Could you restate the data word for word and drop the pictures?

## Recorded data
┌──

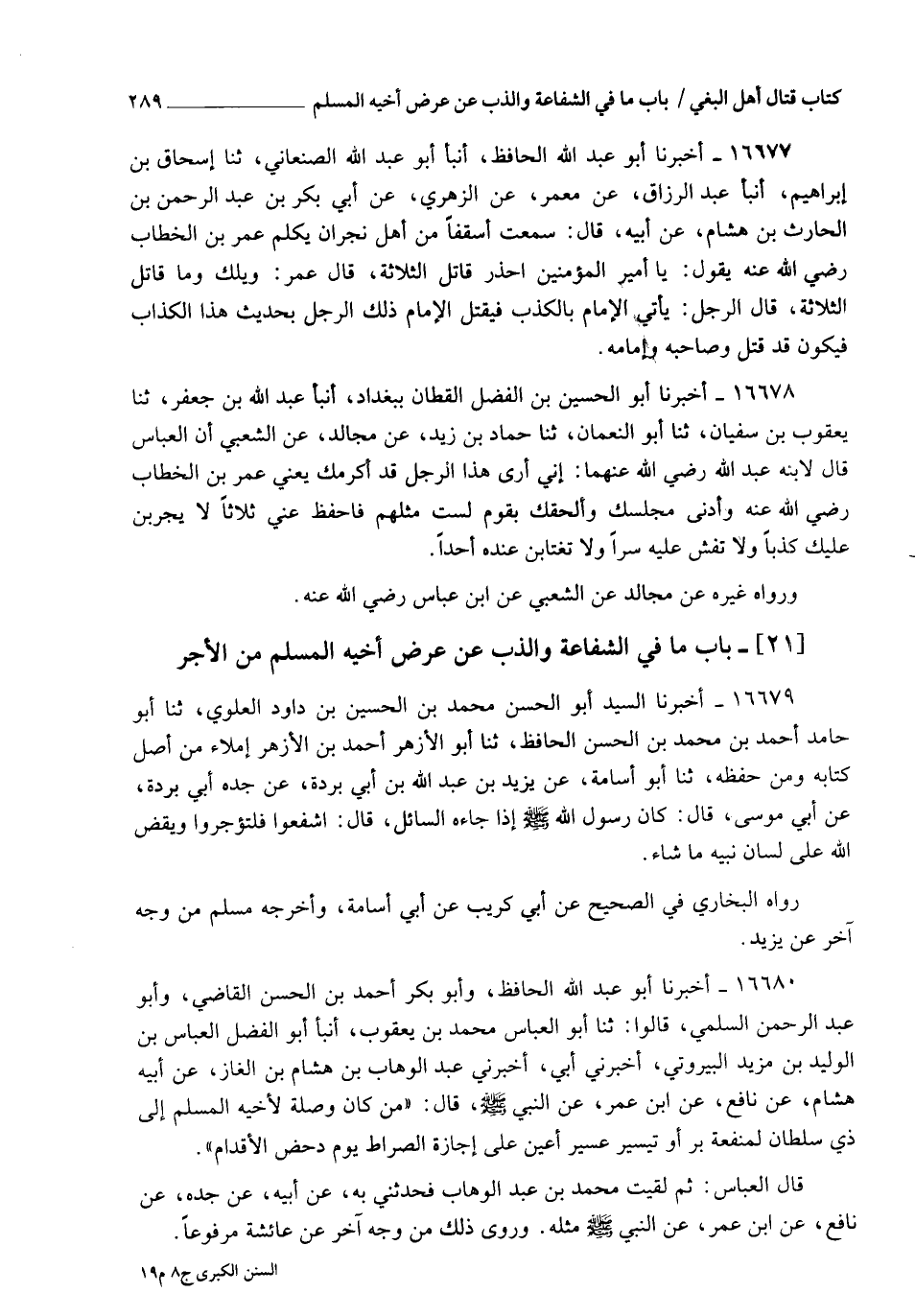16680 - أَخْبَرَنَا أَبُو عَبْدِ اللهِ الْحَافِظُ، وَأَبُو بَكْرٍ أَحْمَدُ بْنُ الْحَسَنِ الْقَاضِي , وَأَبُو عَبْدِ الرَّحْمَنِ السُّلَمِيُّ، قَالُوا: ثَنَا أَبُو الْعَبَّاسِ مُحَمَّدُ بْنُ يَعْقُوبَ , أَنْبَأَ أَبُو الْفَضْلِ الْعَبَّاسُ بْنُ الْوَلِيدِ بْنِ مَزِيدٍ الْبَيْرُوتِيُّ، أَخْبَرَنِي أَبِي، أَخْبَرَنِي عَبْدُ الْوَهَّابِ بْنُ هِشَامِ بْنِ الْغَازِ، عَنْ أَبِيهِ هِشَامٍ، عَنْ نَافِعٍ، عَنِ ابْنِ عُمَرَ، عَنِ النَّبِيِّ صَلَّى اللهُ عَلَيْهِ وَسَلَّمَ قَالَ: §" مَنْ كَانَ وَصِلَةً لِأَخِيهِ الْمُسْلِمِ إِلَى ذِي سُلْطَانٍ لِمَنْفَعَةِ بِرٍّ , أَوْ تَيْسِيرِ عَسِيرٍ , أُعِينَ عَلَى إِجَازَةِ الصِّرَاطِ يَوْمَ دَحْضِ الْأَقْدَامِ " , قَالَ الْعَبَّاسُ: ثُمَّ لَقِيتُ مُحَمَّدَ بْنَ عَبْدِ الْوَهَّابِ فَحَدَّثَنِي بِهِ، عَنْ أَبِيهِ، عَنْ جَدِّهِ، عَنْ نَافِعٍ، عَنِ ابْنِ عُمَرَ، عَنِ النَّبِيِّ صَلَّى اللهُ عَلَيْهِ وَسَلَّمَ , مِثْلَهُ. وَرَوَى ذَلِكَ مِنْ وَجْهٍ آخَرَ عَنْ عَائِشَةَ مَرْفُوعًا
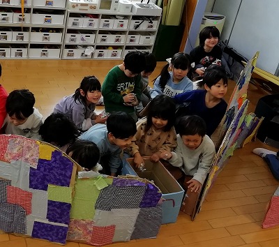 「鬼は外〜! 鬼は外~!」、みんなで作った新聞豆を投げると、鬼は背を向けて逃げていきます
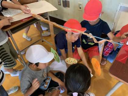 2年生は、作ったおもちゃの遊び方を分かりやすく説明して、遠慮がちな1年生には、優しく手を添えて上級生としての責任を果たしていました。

└──

## Task response
16680 - أَخْبَرَنَا أَبُو عَبْدِ اللهِ الْحَافِظُ، وَأَبُو بَكْرٍ أَحْمَدُ بْنُ الْحَسَنِ الْقَاضِي , وَأَبُو عَبْدِ الرَّحْمَنِ السُّلَمِيُّ، قَالُوا: ثَنَا أَبُو الْعَبَّاسِ مُحَمَّدُ بْنُ يَعْقُوبَ , أَنْبَأَ أَبُو الْفَضْلِ الْعَبَّاسُ بْنُ الْوَلِيدِ بْنِ مَزِيدٍ الْبَيْرُوتِيُّ، أَخْبَرَنِي أَبِي، أَخْبَرَنِي عَبْدُ الْوَهَّابِ بْنُ هِشَامِ بْنِ الْغَازِ، عَنْ أَبِيهِ هِشَامٍ، عَنْ نَافِعٍ، عَنِ ابْنِ عُمَرَ، عَنِ النَّبِيِّ صَلَّى اللهُ عَلَيْهِ وَسَلَّمَ قَالَ: §" مَنْ كَانَ وَصِلَةً لِأَخِيهِ الْمُسْلِمِ إِلَى ذِي سُلْطَانٍ لِمَنْفَعَةِ بِرٍّ , أَوْ تَيْسِيرِ عَسِيرٍ , أُعِينَ عَلَى إِجَازَةِ الصِّرَاطِ يَوْمَ دَحْضِ الْأَقْدَامِ " , قَالَ الْعَبَّاسُ: ثُمَّ لَقِيتُ مُحَمَّدَ بْنَ عَبْدِ الْوَهَّابِ فَحَدَّثَنِي بِهِ، عَنْ أَبِيهِ، عَنْ جَدِّهِ، عَنْ نَافِعٍ، عَنِ ابْنِ عُمَرَ، عَنِ النَّبِيِّ صَلَّى اللهُ عَلَيْهِ وَسَلَّمَ , مِثْلَهُ. وَرَوَى ذَلِكَ مِنْ وَجْهٍ آخَرَ عَنْ عَائِشَةَ مَرْفُوعًا
 「鬼は外〜! 鬼は外~!」、みんなで作った新聞豆を投げると、鬼は背を向けて逃げていきます
 2年生は、作ったおもちゃの遊び方を分かりやすく説明して、遠慮がちな1年生には、優しく手を添えて上級生としての責任を果たしていました。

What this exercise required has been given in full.